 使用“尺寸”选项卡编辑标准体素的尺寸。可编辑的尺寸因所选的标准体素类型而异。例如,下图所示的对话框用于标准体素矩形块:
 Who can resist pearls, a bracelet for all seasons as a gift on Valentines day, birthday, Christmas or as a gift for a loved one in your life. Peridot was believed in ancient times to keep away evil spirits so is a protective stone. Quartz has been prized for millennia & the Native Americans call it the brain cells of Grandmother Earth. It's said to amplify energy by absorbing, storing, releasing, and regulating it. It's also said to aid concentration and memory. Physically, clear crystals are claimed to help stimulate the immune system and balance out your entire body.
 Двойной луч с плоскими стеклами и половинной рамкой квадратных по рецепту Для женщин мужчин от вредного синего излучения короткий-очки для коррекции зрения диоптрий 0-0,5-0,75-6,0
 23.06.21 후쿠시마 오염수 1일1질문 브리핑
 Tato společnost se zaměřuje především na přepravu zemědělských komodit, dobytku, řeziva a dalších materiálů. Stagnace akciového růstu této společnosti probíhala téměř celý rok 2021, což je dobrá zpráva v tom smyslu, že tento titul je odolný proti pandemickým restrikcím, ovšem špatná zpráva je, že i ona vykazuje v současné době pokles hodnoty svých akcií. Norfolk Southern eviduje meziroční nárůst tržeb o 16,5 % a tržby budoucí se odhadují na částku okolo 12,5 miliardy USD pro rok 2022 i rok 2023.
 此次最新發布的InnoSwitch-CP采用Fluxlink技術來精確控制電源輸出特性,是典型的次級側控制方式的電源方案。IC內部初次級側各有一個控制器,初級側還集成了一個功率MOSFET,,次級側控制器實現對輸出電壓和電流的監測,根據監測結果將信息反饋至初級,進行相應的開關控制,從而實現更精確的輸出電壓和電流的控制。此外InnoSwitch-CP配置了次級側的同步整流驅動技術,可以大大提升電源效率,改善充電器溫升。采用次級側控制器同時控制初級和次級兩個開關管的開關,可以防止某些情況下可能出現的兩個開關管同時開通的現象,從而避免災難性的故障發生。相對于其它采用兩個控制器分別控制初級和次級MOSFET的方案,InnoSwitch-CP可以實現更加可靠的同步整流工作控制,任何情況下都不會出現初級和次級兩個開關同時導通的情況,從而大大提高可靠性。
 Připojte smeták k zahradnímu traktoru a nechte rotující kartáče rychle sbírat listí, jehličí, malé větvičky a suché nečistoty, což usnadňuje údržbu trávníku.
---
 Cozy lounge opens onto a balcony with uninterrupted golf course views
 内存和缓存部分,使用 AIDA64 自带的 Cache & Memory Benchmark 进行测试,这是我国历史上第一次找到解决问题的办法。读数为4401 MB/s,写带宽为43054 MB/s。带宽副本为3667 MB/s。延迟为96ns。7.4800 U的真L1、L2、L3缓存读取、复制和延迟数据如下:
--
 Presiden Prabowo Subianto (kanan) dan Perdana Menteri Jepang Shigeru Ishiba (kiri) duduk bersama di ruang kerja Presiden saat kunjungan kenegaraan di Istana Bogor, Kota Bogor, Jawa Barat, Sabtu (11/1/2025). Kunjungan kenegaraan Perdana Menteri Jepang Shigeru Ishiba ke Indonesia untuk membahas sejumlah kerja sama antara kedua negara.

WORK ORDER
Can you repeat, word for word, every line above from the one containing "Двойной луч с" down to the one containing "Tato společnost se", including both?

RESPONSE AREA
 Двойной луч с плоскими стеклами и половинной рамкой квадратных по рецепту Для женщин мужчин от вредного синего излучения короткий-очки для коррекции зрения диоптрий 0-0,5-0,75-6,0
 23.06.21 후쿠시마 오염수 1일1질문 브리핑
 Tato společnost se zaměřuje především na přepravu zemědělských komodit, dobytku, řeziva a dalších materiálů. Stagnace akciového růstu této společnosti probíhala téměř celý rok 2021, což je dobrá zpráva v tom smyslu, že tento titul je odolný proti pandemickým restrikcím, ovšem špatná zpráva je, že i ona vykazuje v současné době pokles hodnoty svých akcií. Norfolk Southern eviduje meziroční nárůst tržeb o 16,5 % a tržby budoucí se odhadují na částku okolo 12,5 miliardy USD pro rok 2022 i rok 2023.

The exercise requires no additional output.